JAKARTA, kabarbisnis.com: Meski di di tengah masa pandemi Covid-19, kinerja ekspor kayu Indonesia ke China selama periode Januari-Mei 2020 tetap mengalami peningkatan. Meski tipis, kenaikan itu dinilai karena adanya ceruk pasar di China terhadap produk kayu Indonesia.

Nilai ekspor produk hasil hutan Indonesia ke China sepanjang Januari-Mei 2020 mencapai US$1,143 miliar, naik 1% dibanding periode sama tahun lalu sebesar US$1,129 miliar. "Adanya ceruk di pasar China, membuat ekspor produk hasil hutan nilainya justru meningkat," kata Ketua Umum Asosiasi Pengusaha Hutan Indonesia (APHI), Indroyono Soesilo di Jakarta, Jumat (19/6/2020).

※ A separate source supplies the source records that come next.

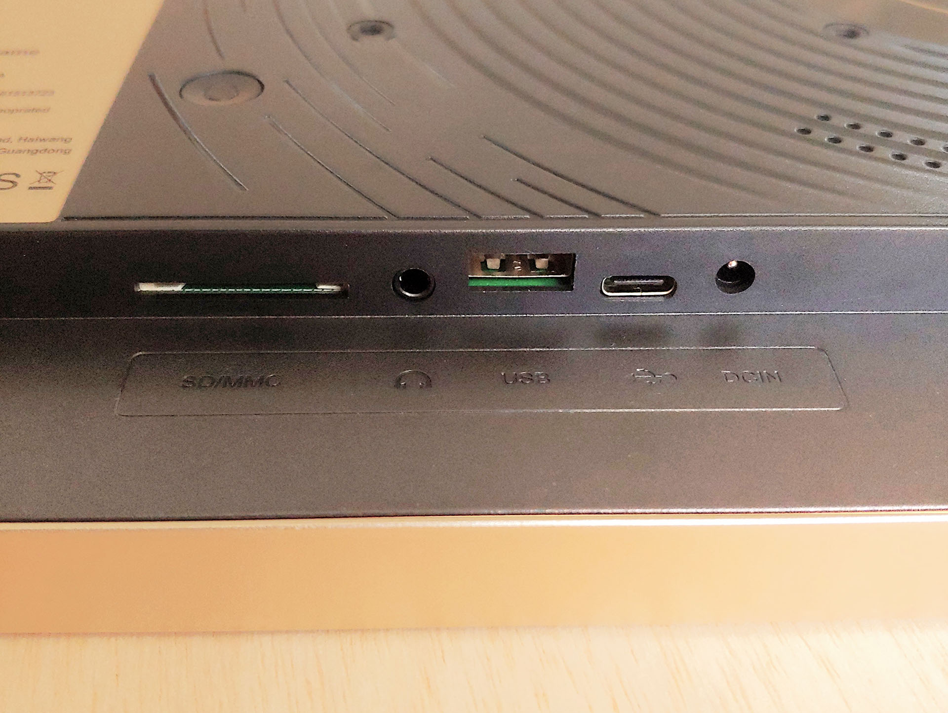 Alle poorten, inclusief voeding, USB-A, USB-C, de SD-kaartsleuf en de 3,5 mm hoofdtelefoonaansluiting bevinden zich aan de achterkant. Er is geen aan/uit-knop, dus als u de stekker in het stopcontact steekt, wordt het apparaat ingeschakeld en het uitschakelen of de slaapstand wordt via het menu geregeld.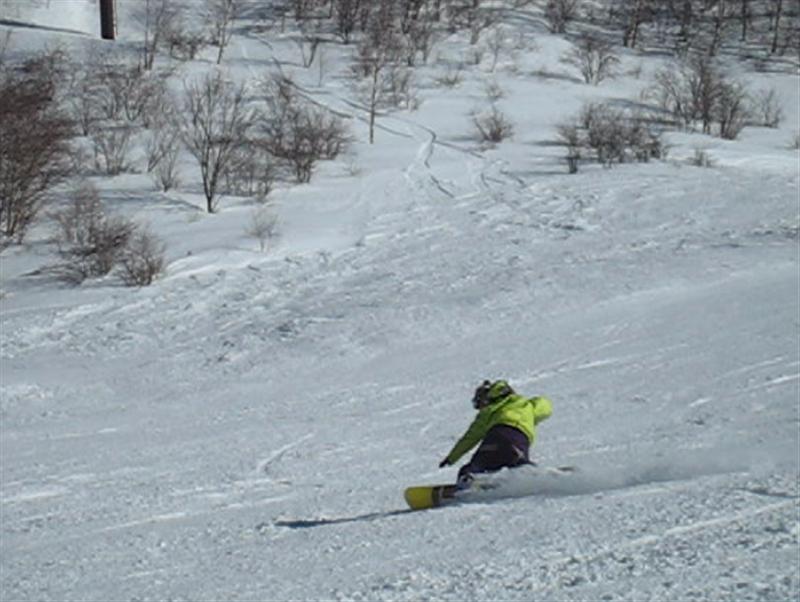 ちょっとバーンコンディション的に厳しかったのですが、急斜でも気持ち良く楽しくフリーライディング出来ました!。柔らかい雪でしたら問題ないと思いますが、フリーカービングで横に走るビッグロングカービングをした時に、もうちょっとソフトフレックスのほうがいいかな~って思います。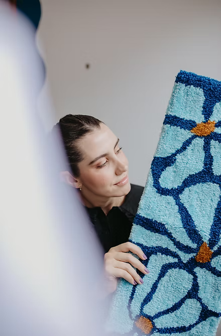 Flowers Rug — Decorative rug for floor or wall, made from a blend of synthetic and natural wool. Its floral design brings softness and personality, creating a standout feature in the space with texture and artisanal charm.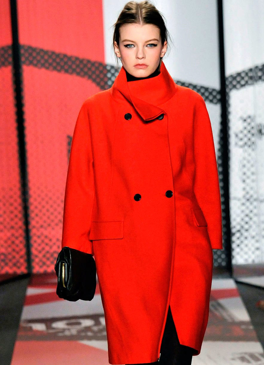 Fashion designers are increasingly moving away from the basic colors of the coat, which affects the popular trends. In Les Copains, Burberry Prorsum, Sportmax, Brioni Luisa, Martin Grant, Beccaria you can find bright yellow, blue, red, emerald, burgundy shades.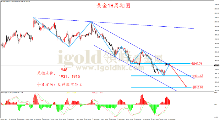 从1H周期走势看,黄金自2009.0附近下跌,高点在逐渐降低,低点也在逐渐降低,空头走势明显。黄金昨日虽然走出上涨行情,但并未改变前期下跌走势,操作上可留意空单机会。结合指标来看, MACD指标DIFF线与DEA线处于零轴附近,红色能量柱逐渐缩短,表明多头力量有所不足,日内可在压力位1948.0附近尝试空单。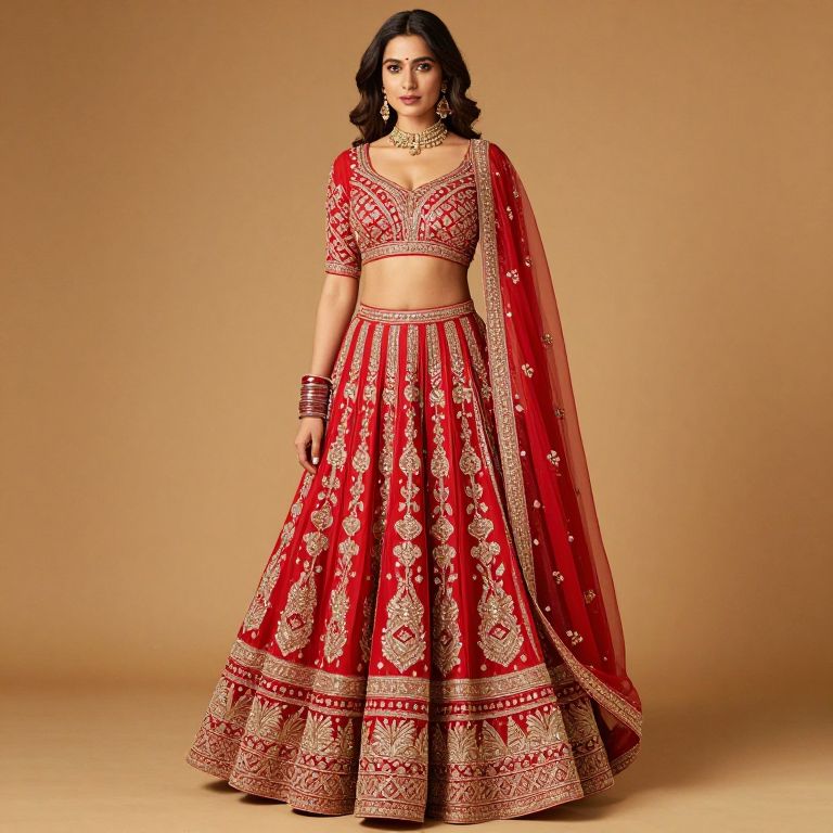 Photograph of a woman in a red traditional Indian lehenga set with gold embroidery, cropped top, and choker, standing against a beige background.
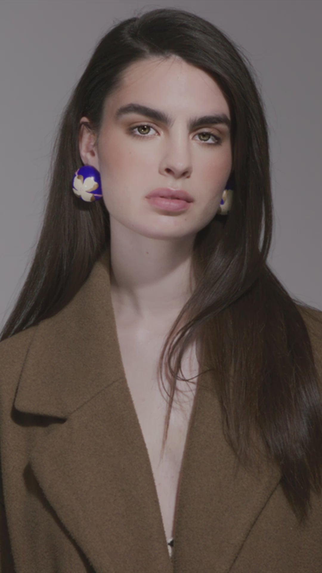 Modern and memorable, Gaia Floral Earrings are oversized statement studs with hand-painted floral motifs and gold foiling. No two earrings are the same—so you wear a one-of-a-kind work of art. Gaia Floral Earrings’ smooth, spherical shape also brings contrast to clothing textures for a polished finishing touch. Sustainable, nature-inspired style has never been so sophisticated.
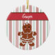Peppermint stripes and a gingerbread girl decorate this Christmas ornament! Customise this ornament by changing the name. Use this cute gingerbread ornament as a gift, Christmas tree decoration, decor, etc....The designs are from original art.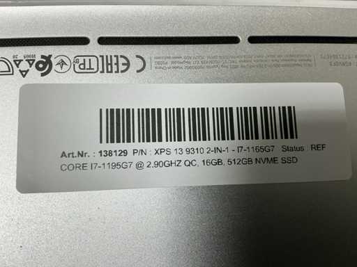 Laptops, Inkoop + 98.31, XPS 13 9310 2-in-1, CPU: Intel Core i7-1165G7 @2.80GHz, MEM: 16GB, SSD: 512GB NVME SSD, small white spots bottom left corner, no adapter ( cleaned and tested ) [ID: 138129]

Ia mengatakan peningkatan terjadi khususnya pada produk-produk tertentu seperti plywood dengan kualitas tinggi naik 26%. Produk kertas dari hutan tanaman industri naik 50 %, produk kerajinan naik 12%, chipwood naik 34 % dan woodworking naik 1%.

Namun di samping itu terdapat beberapa produk yang mengalami penurunan pada periode tersebut. Seperti misalnya pulp turun 5%, veneer turun 40  persen, furnitur kayu turun 42 persen dan bangunan prefabrikasi juga mengalami penurunan 100 % karena tidak ada realisasi.

Kurun waktu lima tahun terakhir, China menjadi negara tujuan ekspor terbesar produk hasil hutan Indonesia, disusul Jepang, AS, Uni Eropa dan Korea Selatan. Sepanjang 2019, ekspor hasil hutan Indonesia ke China telah mencapai devisa tidak kurang dari US$2,8 milliar.

“Kita patut bersyukur karena walaupun diterjang pandemi Covid-19, nilai ekspor kita ke China masih dapat dipertahankan, bahkan meningkat sedikit dibandingkan periode yang sama tahun lalu," katanya.

Pihaknya mengapresiasi langkah-langkah pemerintah dalam menerbitkan serangkaian relaksasi kebijakan untuk meringankan beban dunia usaha dalam menghadapi pandemi Covid-19. Kebijakan relaksasi itu menjadi dasar untuk memulihkan kondisi perekonomian pasca Covid-19 di sektor usaha kehutanan. Termasuk, menjaga serapan tenaga kerja dari hulu ke hilir yang saat ini sudah mencapai sekitar 625.000 orang dan tidak terjadi PHK.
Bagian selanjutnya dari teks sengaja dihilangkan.